Given material:

________________

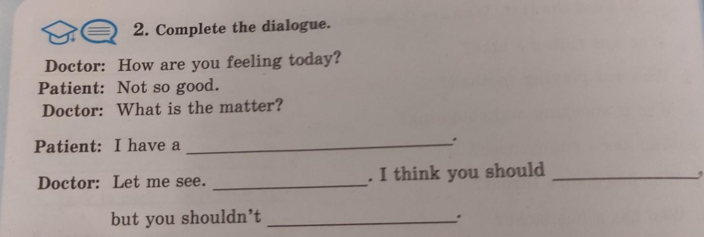 2. Complete the dialogue. Doctor: How are you feeling today? Patient: Not so good. Doctor: What is the matter? Patient: I have a Doctor: Let me see. but you shouldn't I think you should
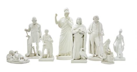 Bertel Thorvaldsen, after : Eight biscuit figures. The Royal Copenhagen Porcelain Factory and Bing & Grøndahl, 19th century. (8)
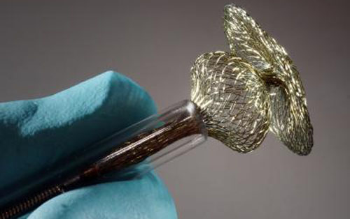 他们的研究对象是由极具弹性的镍钛合金制成的细丝,如治疗心脏隔膜缺陷时所植入的封堵器。这种封堵器由两个用细金属丝编织成的伞形网罩组成,约为一元硬币大小,它可以被拉成细长的一束后放置在心导管内。“依靠这种手段我们可以通过微创手术把封堵器植入人体”,Undisz博士介绍说。理想情况下,植入物可以在患者体内携带多年。
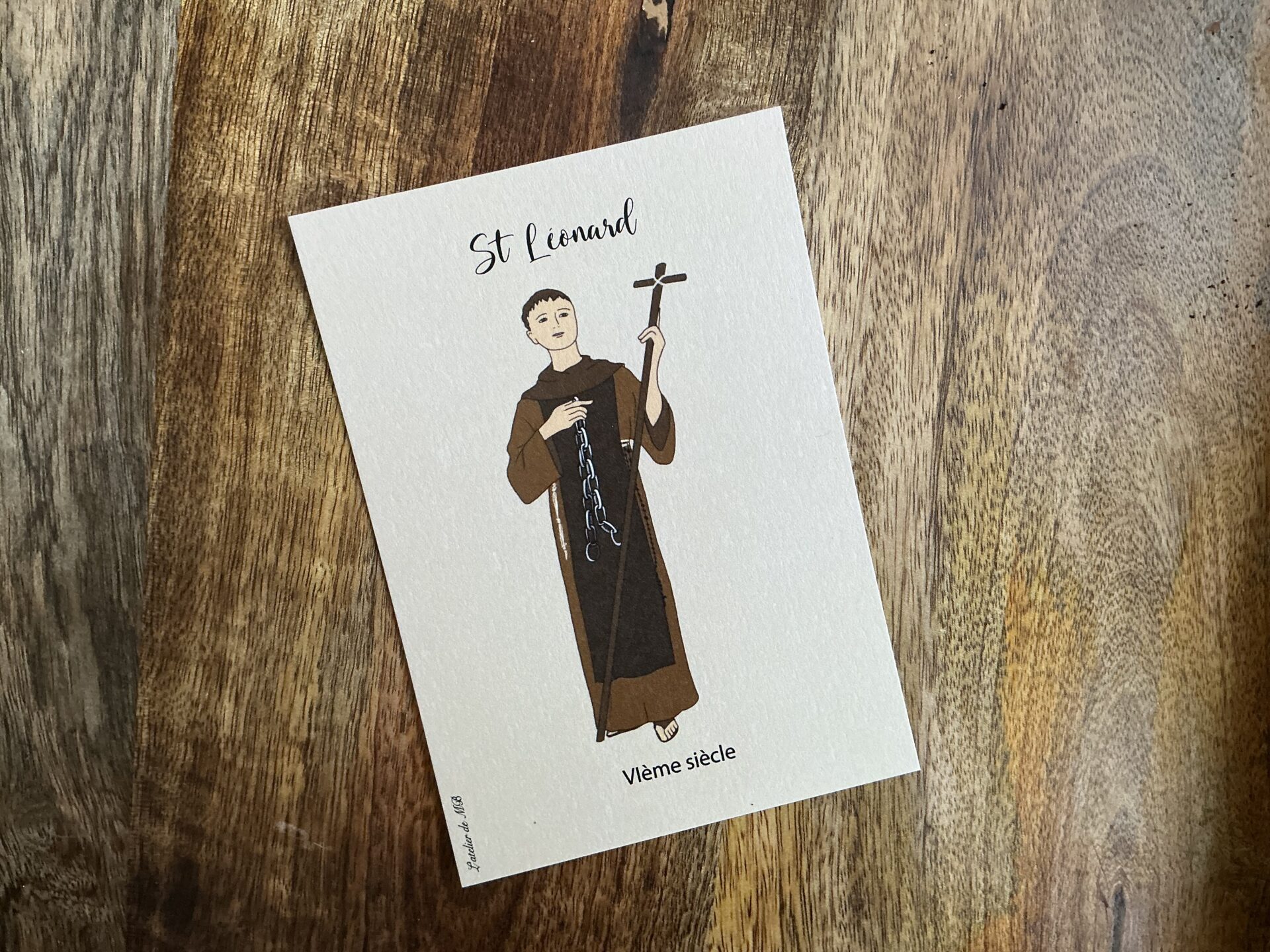 Carte de saint Léonard, fêté le 6 novembre. Elle est imprimée au format A6 sur papier 300g

________________

Your goal:
All of the data above needs to be given again exactly. Leave out each image.

Exercise answer:
 2. Complete the dialogue. Doctor: How are you feeling today? Patient: Not so good. Doctor: What is the matter? Patient: I have a Doctor: Let me see. but you shouldn't I think you should
 Bertel Thorvaldsen, after : Eight biscuit figures. The Royal Copenhagen Porcelain Factory and Bing & Grøndahl, 19th century. (8)
 他们的研究对象是由极具弹性的镍钛合金制成的细丝,如治疗心脏隔膜缺陷时所植入的封堵器。这种封堵器由两个用细金属丝编织成的伞形网罩组成,约为一元硬币大小,它可以被拉成细长的一束后放置在心导管内。“依靠这种手段我们可以通过微创手术把封堵器植入人体”,Undisz博士介绍说。理想情况下,植入物可以在患者体内携带多年。
 Carte de saint Léonard, fêté le 6 novembre. Elle est imprimée au format A6 sur papier 300g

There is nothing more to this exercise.